Famed actor Hill Harper is getting into the money game by way of financial technology that’s powering a newly-launched digital wallet for investors of color.
According to a press release, Harper announced the launch of The Black Wall Street app just in time for Financial Literacy Month as a means to empower Black and Latinx investors and contribute to closing the racial wealth gap in America.
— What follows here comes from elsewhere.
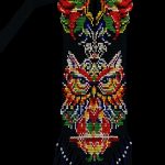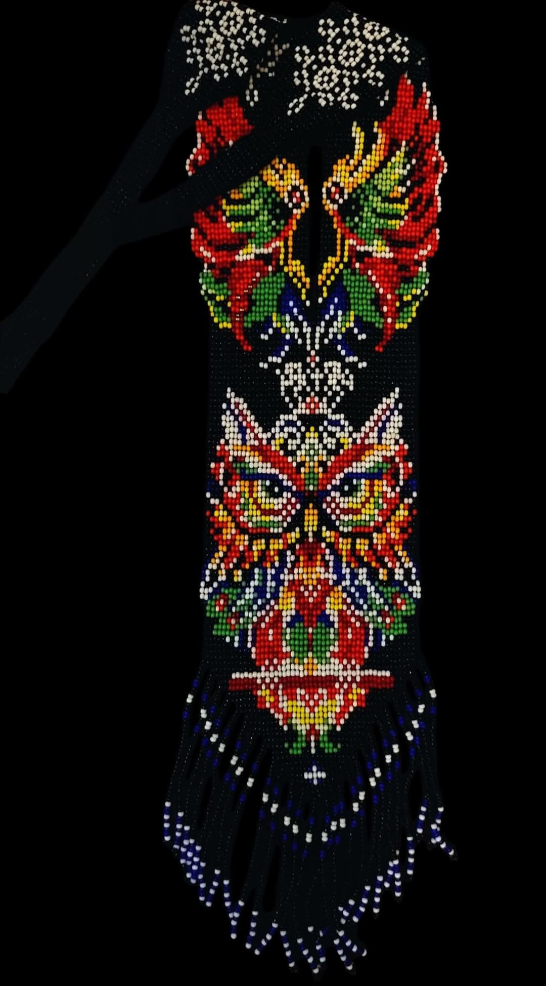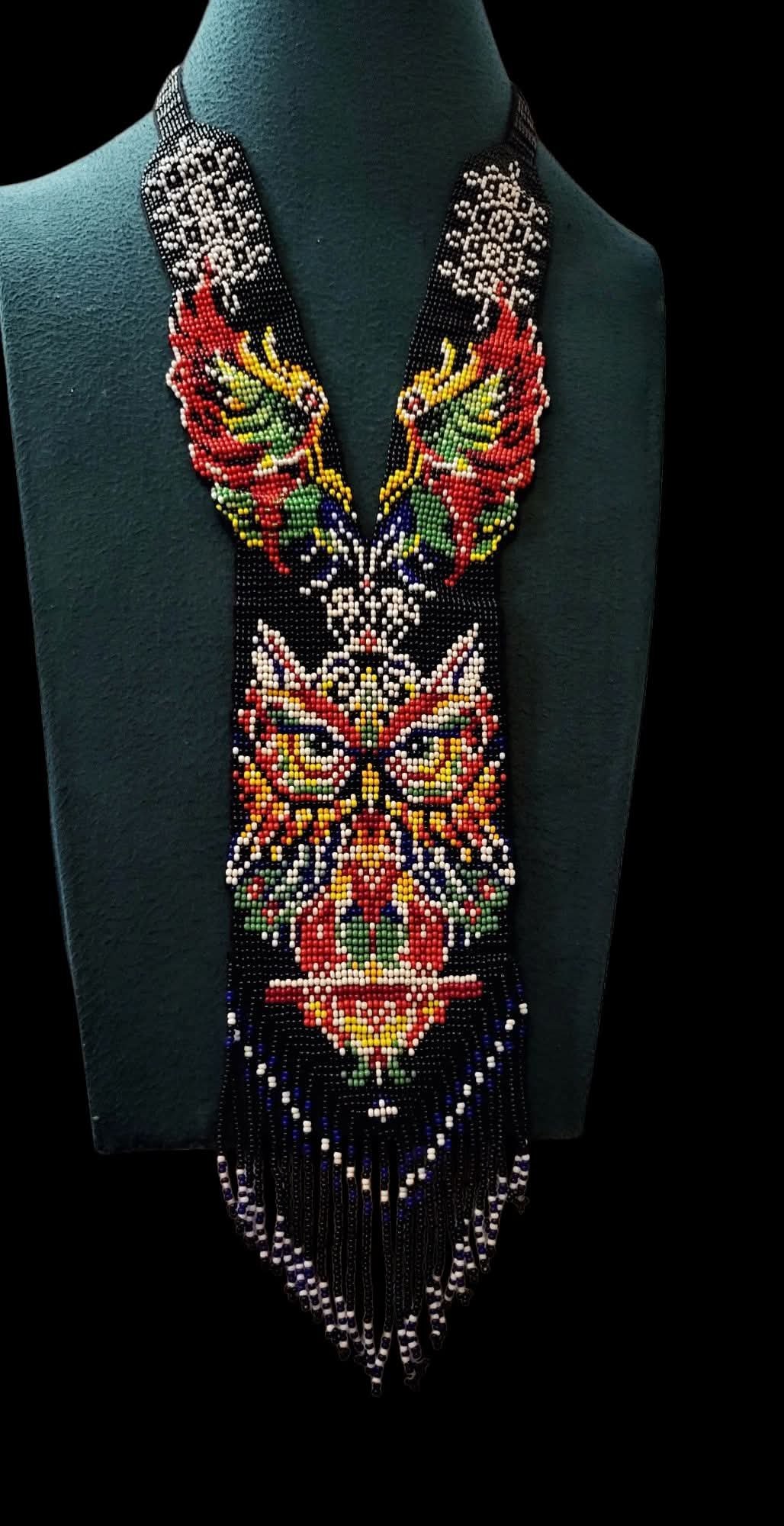This stunning necklace is a testament to the intricate artistry of the Huichol people, an indigenous group from central Mexico. Crafted entirely from tiny glass beads, it features a prominent, stylized owl design at its center, rendered in vibrant shades of red, yellow, green, and blue against a black background. The owl’s form is abstract yet recognizable, with large, expressive eyes and a detailed face.

This feat marks the first-ever Black-owned digital wallet and cryptocurrency exchange platform to exist in the U.S.
Through this digital fintech platform, Harper hopes to create the world’s largest investment and financial literacy curriculum/toolkit for communities of color to use across the diaspora.
“Our technology seeks to replicate the brick and mortar Black Wall Street, as a digital ecosystem that will galvanize the financially excluded and directly stimulate the economic growth and spending in marginalized communities everywhere,” Harper shares in a statement. “With the Black Wall Street technology, we seek to make obsolete payday lenders and other financial predators plaguing our communities, while simultaneously creating cross generational wealth transfer, for people who have historically been taught to work for our wages instead of making our wages work for us…because Black Cash Matters.”
The Black Wall Street app is both named after and inspired by the legacy of the Greenwood district in Tulsa, Oklahoma that was once considered the epicenter of thriving Black businesses.
Next month, the new digital platform will acknowledge the 100-year anniversary of the 1921 Tulsa Race Massacre with a monumental, 30-market financial literacy campaign and bus tour starting in Los Angeles, CA and ending on Greenwood Avenue in Tulsa, OK from May 31 to June 1.
The tour will visit some of the most disenfranchised communities across the country and introduce financial literacy as well as cryptocurrency in an effort to celebrate the Greenwood legacy, which is considered the most successful Black economic community in U.S. history.
“What the Black Wall Street was in Tulsa and the Greenwood district is just very empowering,” Harper told CNBC. “There were three pillars that created the wealth that was created in the Black Wall Street [in Tulsa],” he notes with the first two being institutional ownership and institutional trust by the community.
“Pillar number three was the movement of money or capital within the ecosystem where dollars changed hands 60 to 100 times within a year before it left that Black community,” he adds.
The Black Wall Street’s Crypto-curriculum and DigitalWallet campaigns will be led by Harper in partnership with world-leading cryptocurrency exchange expert, Najah Roberts.
The ultimate goal of The Black Wall Street is to offer Black and Brown communities a fighting chance to get involved in the transfer of wealth through cryptocurrency and decentralized finance.
The time for communities of color to regain their financial independence is now and Harper hopes to use his new platform to pave the way for better financial futures for generations to come.